2. Чтобы перейти к звуковым особенностям начинающей сниматься фильмы, надо сделать экскурс в область монтажа. Англичане и американцы даже как следует не знают этого слова. Нет его! «Кеттин», «редэктин». Монтаж в большой степени является специфически нашим. Монтаж, как столкновение (принцип впервые четко сформирован Эйзенштейном), противоположен описательно-повествовательной склейке, кирпичетворству. Оставаясь до конца верными своим собственным установкам, не нарушая взаимосвязи с принципами нашей немой кинематографии, мы в звуке остаемся на платформе монтажа асинхронного. Беря звуковое кино, как оно есть теперь, говорящее, поющее, лекционно — опереточное, мы сварганим его с нашим немым монтажом в такую плотную спайку, чтобы это стало новым видом искусства. На помощь рапидом вскрытым вещам. титру, превращающему монтажный кусок в вектор, мы призовем звук, музыку, шум, голос для подтверждения диалектической этики живущего. По этому мы и снимать будем отдельно. Сначала немую часть, а потом звуковую (кроме нескольких отдельных случаев), и объединим их уже при монтаже.

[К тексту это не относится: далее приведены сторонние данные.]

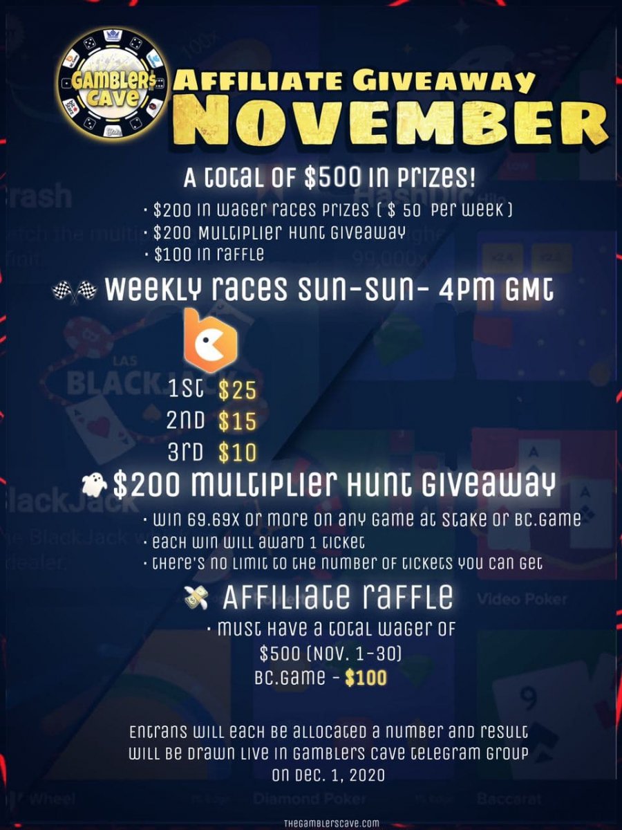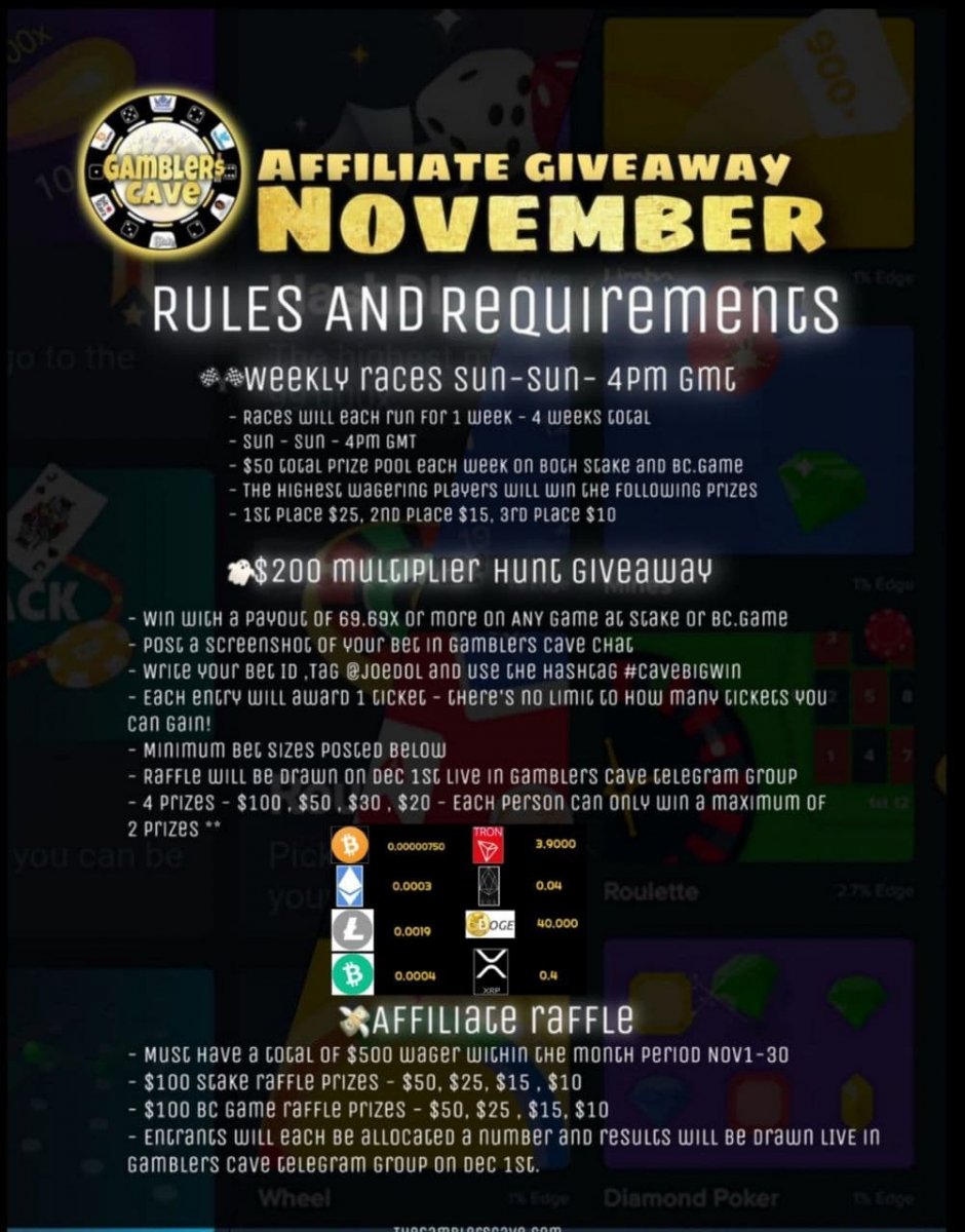 _Joe Posted November 9, 2020 Share Posted November 9, 2020 Hey Everyone, I’m running a giveaway for November which has a total of $500 in prizes for my BCGame affiliates. The comprises of $50 per week in a weekly wager race, $100 in monthly raffle prizes and $200 in a multiplier hunt giveaway. I do giveaways like this every month so please come and follow over on my telegram group and channel and join in the fun! The giveaways are for my affiliates only, however I do also do random giveaways for non-affiliates. Telegram Group - @GamblersCave Telegram Channel for giveaway notifications - @GamblersCaveGiveaways Last week’s winners of the wager race were – 1. Dakata1 - $25 2. Mhayjhai - $15 3. GKD69 - $10 Week 2 is now LIVE and running, full details are below Link to comment Share on other sites More sharing options...

Мы надеемся, что за то недолгое время, за которое мы собираемся закончить немую часть, наша общественность, с таким энтузиазмом взявшаяся за дело подготовления кадров звуковых работников, а также как практические, так и теоретические достижения отдельных мастеров дадут материал для более точного и детального представления о тех задачах, которые должны встать перед нами в период как звуковой съемки, так и монтажа. Вопрос слишком ответствен, чтобы могла быть какая-нибудь конкуренция. Только искренний обмен, опытом позволит нам поставить советское звуковое кино па ту же революционную высоту, на которой силой творчества масс стоит наше немое кино.
1929 г.
Пудовкин В. Собрание сочинений: В 3 т. Т. 2. М.: Искусство, 1974. Т.1.